Thursday, March 10, 2011

80 Ash

Classes in Zen Buddhist sitting and walking meditation for beginners would be held at the Iowa Zen Center Heartmind Temple in Council Bluffs from 6:30 to 8:00 on five consecutive Thursday evenings beginning September 20. I filled out the short registration form I had clipped from the IZC newsletter Flat Land and mailed it in with my check. My wife Ruth had just begun her course of study for the degree Master of Fine Arts at the University of Nebraska in Lincoln. Then—
Nine Eleven—
On September 11, nineteen fanatical Islamic fundamentalists hijacked four American passenger planes and crashed one into the Pentagon in Washington, one each into the two towers of the World Trade Center in New York City, and one into a field in Pennsylvania, killing approximately 3000 people. I was told what had happened by a former student as I was leaving my room after class at 10:00 and was walking slowly up the incline of the corridor to my office cubicle.
"Mr. Skank!" she exclaimed. "Have you heard?"
"What?"
With my student I walked to the library where the staff had arranged two television monitors in the reception area for public viewing. With a dozen other people, new viewers arriving as others left for class, I watched as reporters replayed tapes of the catastrophe again and again.
All that day and into the next we watched television.
Reality.
TV—
Finally Ruth insisted that she and I stop.
Instead, she suggested, we should throw our bikes into the bed of our pickup and drive up to DeSoto Wildlife Refuge, which had become our favorite refuge indeed. To this I consented and how glad I am that I did. Of our experience on that September 12 afternoon my wife wrote this poem.
Nine Twelve—

What we saw when we left our unharmed city, left our television
the day after: butterflies by the hundreds on white-flocked
weeds—all monarchs but one that spread open black

and blue. A hummingbird moth zipped from flower
to flower—how the wings too quick to see zebra-
striped the air. Over the river an osprey carried the dark

shape of a fish like a rudder against its chest.
A second and third surveyed, dived, and soared
to pinpoint distance. The first kingfisher plunged

and came up empty. Across the preserve another waited
in a low branch, pounced, and raised a kicking frog
to treetop. Great blue heron stood gray in shallow

water, craned their long necks into the air, moved
like statuary stalking. A swarm of swallows gleaned
fields and waters. Killdeer ran their pleading scripts.

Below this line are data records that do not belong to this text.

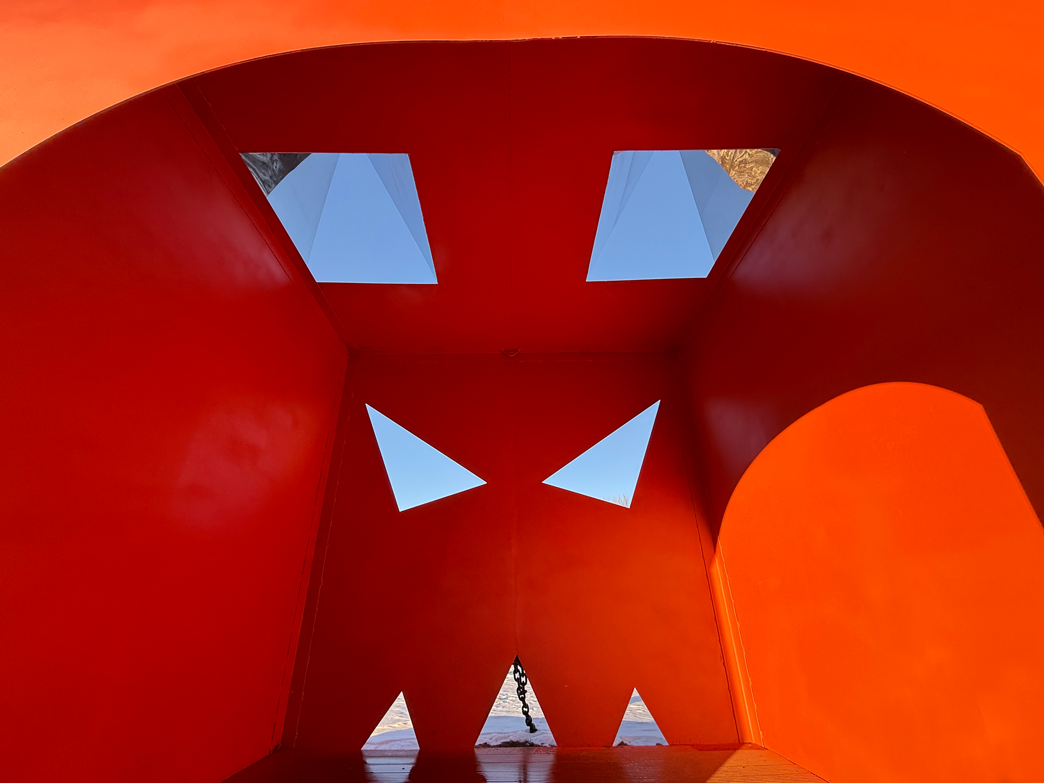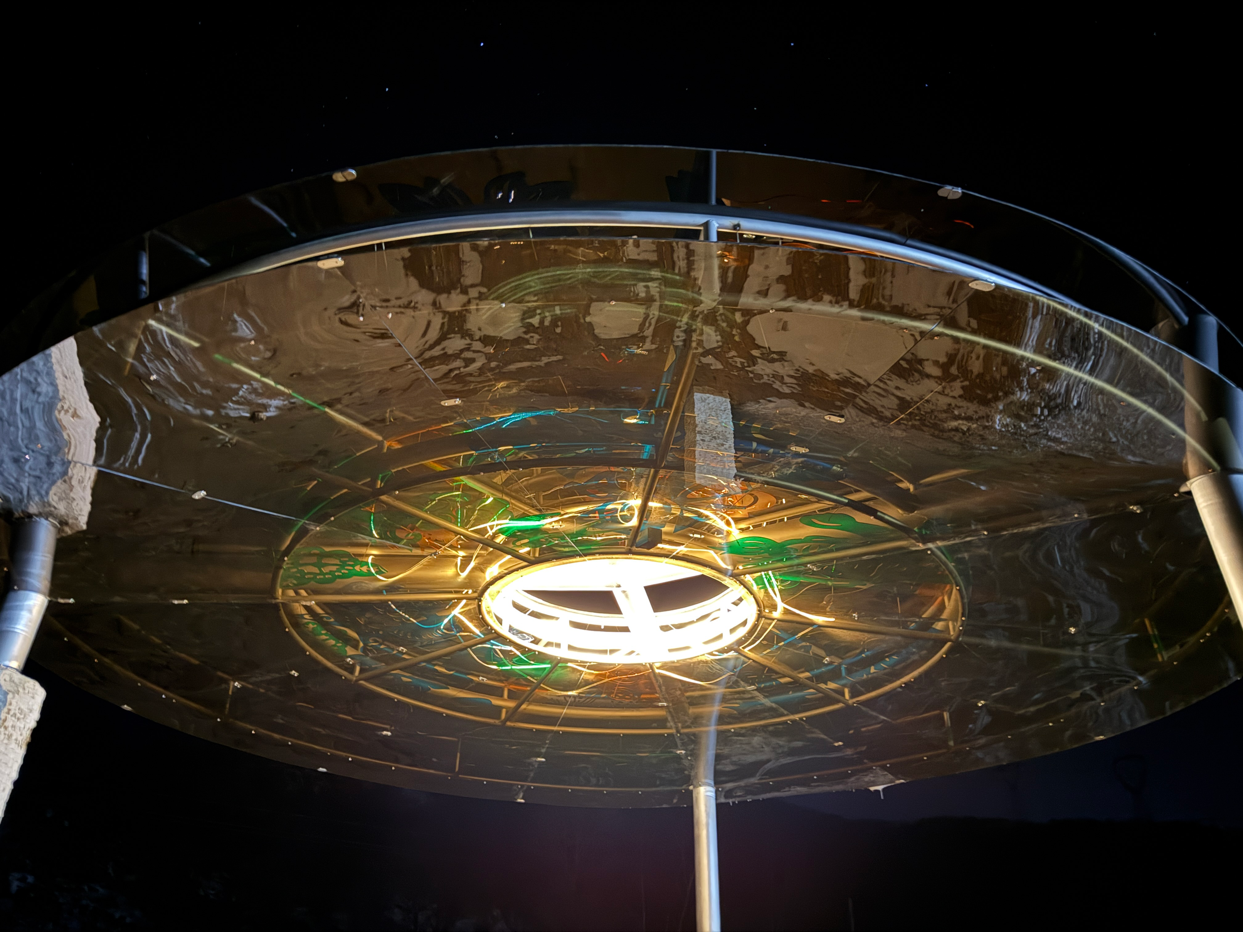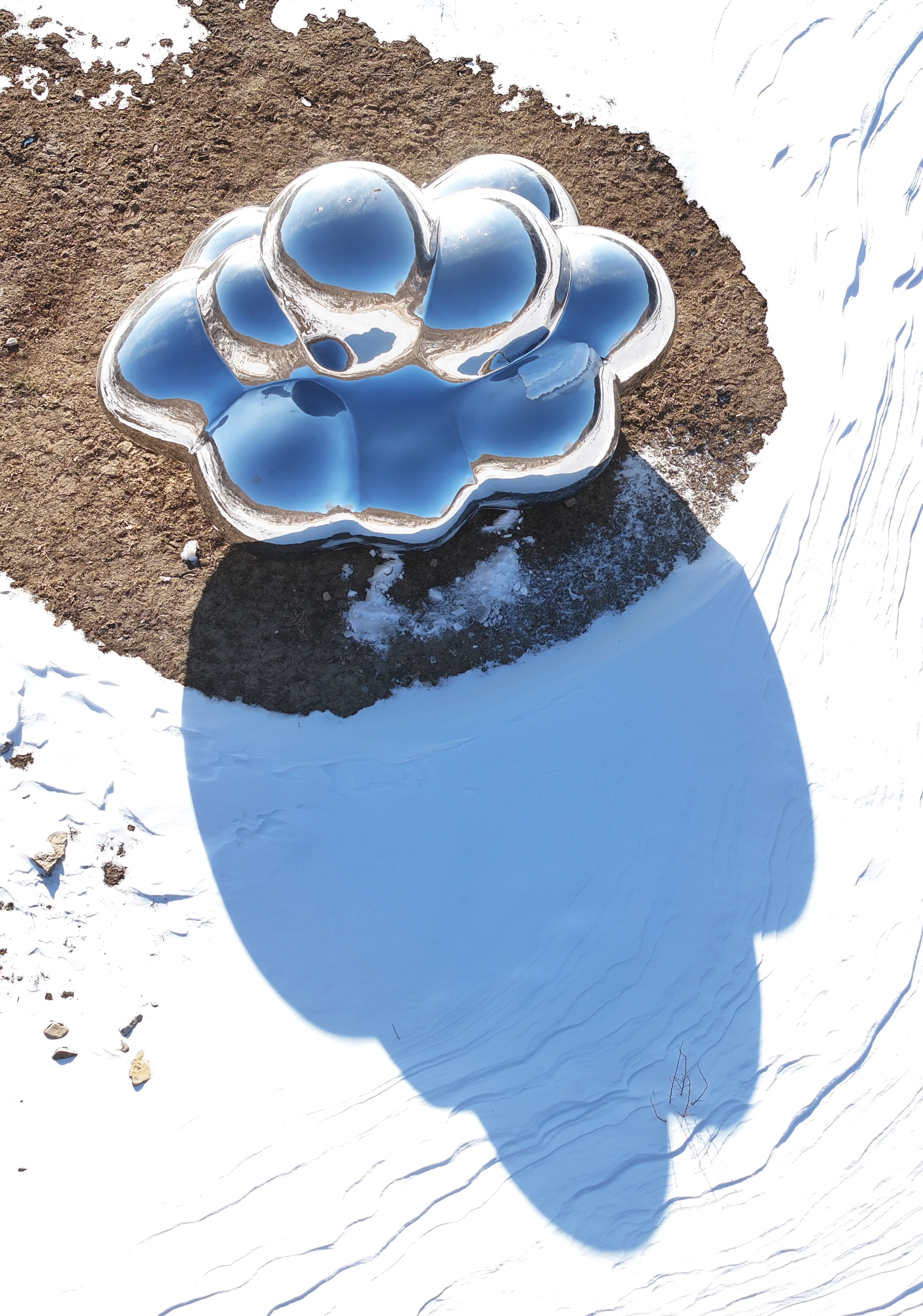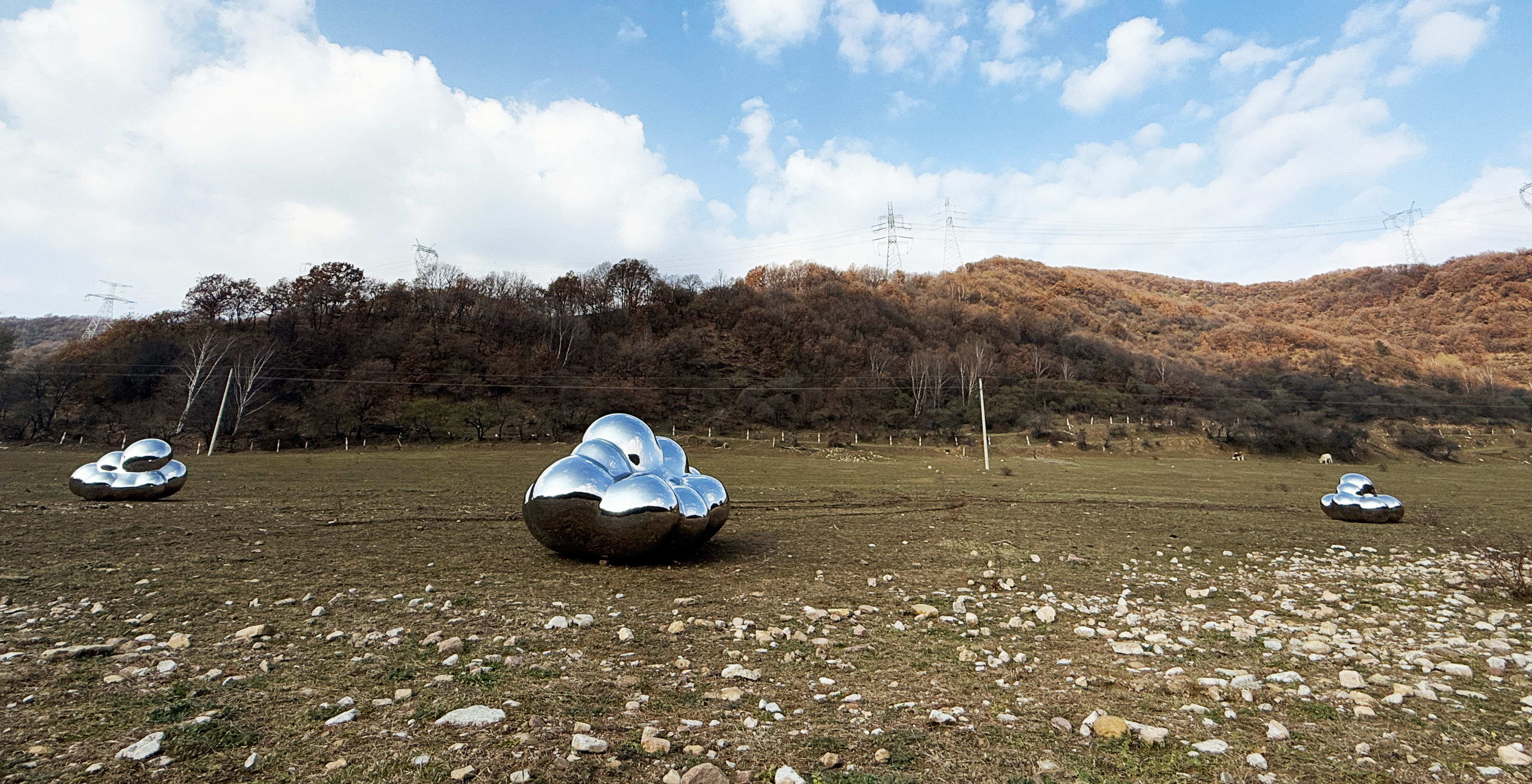 装置以弧面仰角朝向天空,抛光表面实时反射流云、飞鸟与天光,使蓝天成为流动的画卷。低侧边缘没入草地,与真实的树丛、放牧的牛群自然衔接。当观众躺卧于弧面之上,身体将融入倒影——视线掠过镜中浮云,延伸至远山、树木、吃草的牛群,最终与镜中的自己相遇,完美复现诗中“仰观天地,万物见我”的视角循环。镜面在此成为自然与人文的双重隐喻:既呈现“云知道”的苍穹之镜,又揭示“你也知道”的自我觉知。
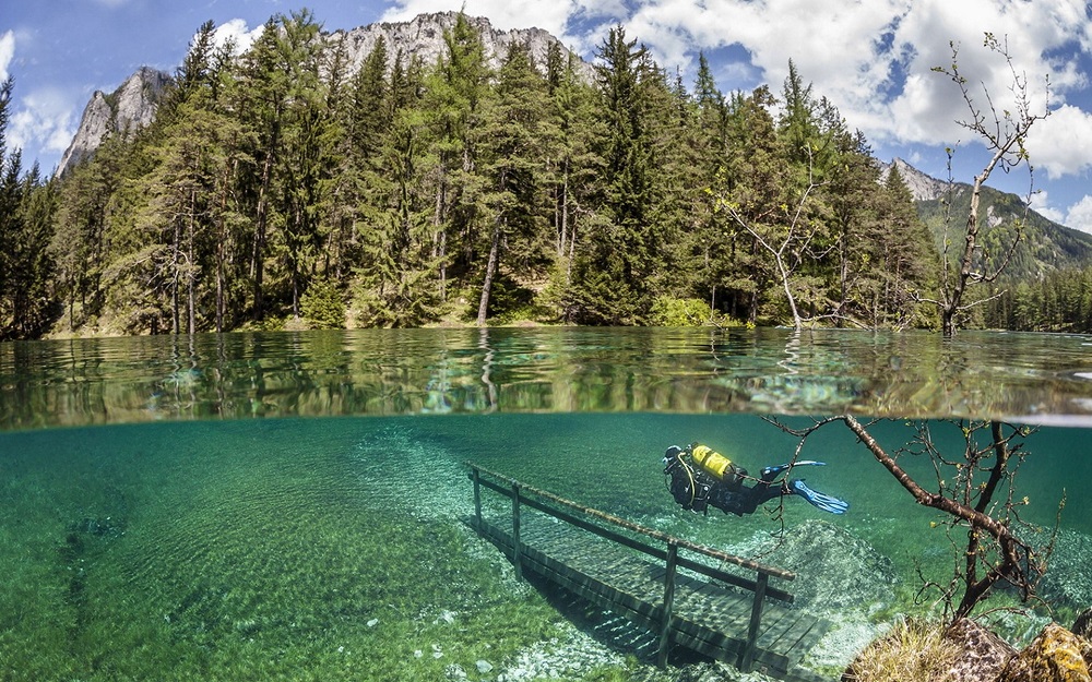 2. Грюнер-Зе (в переводе «Зеленое озеро») в Австрии с чистой и прозрачной изумрудной водой постоянно меняет глубину и размеры. Зимой оно усыхает до большой лужи, покрывающей дно лишь на 1–2 метра.
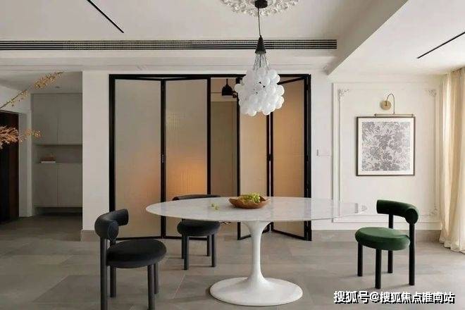 餐厅与多功能房之间采用长虹折叠玻璃门隔断,在艺术与生活之间找到了完美的平衡点。
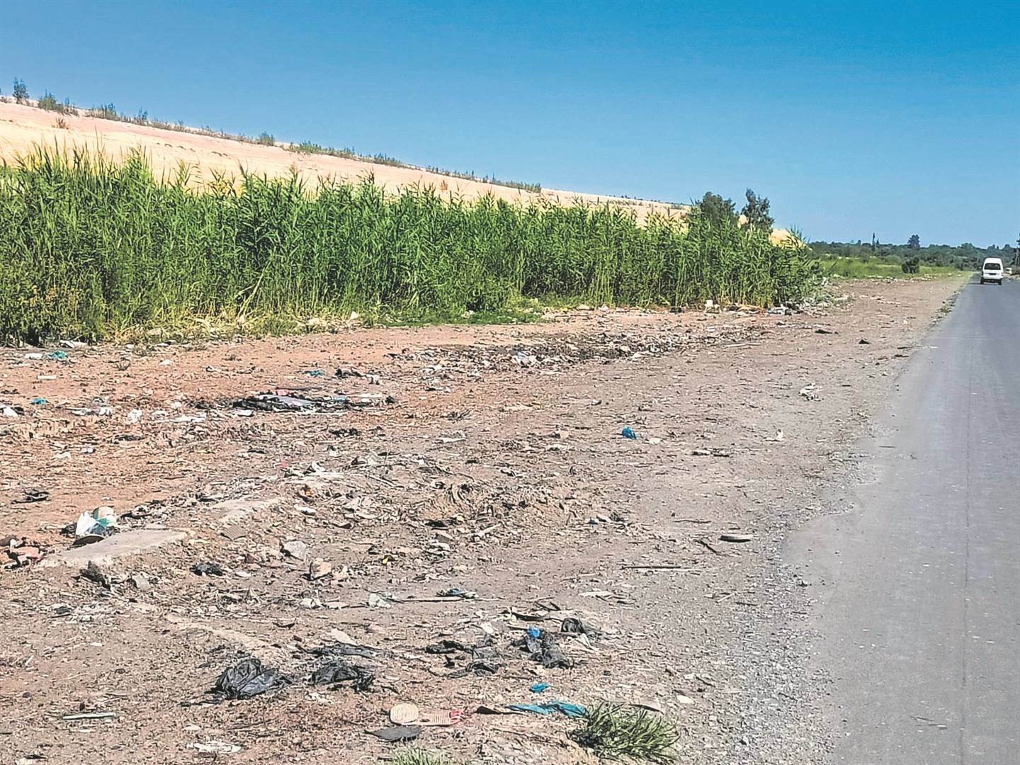 The illegal dumping site between Meloding and Virginia stretches over 1,1 km and ends metres from the Shell Garage circle at the entrance to Virginia’s central business district. The residential area starts just beyond this circle, on the left-hand side. The problem emanates from the municipal waylay refuse station being inoperable and inaccessible to most residents.

Canadian geese honked away from us by threes and fives,
assembled in the river then lifted in tens and twenties,
glowed in the low sun then turned, rode loud and broken

Vs around the bend. Ducks squawked from the bank's tall grass.
Families of deer leapt across the road or gathered in clans, 
looked up from bales of graying hay or browning

rows of corn. Pelicans slid like giant rubber ducks. Puffs of white
floated in uncut blue until the burying of light streaked
orange and pink. Replayed over every scene, towers flared

and crumbled from our heads, gray ash, arms and legs—a sifting. 
Rescuers, officials, husbands and wives, daughters and sons, 
lovers, friends, neighbors, strangers searched—ants on the moon.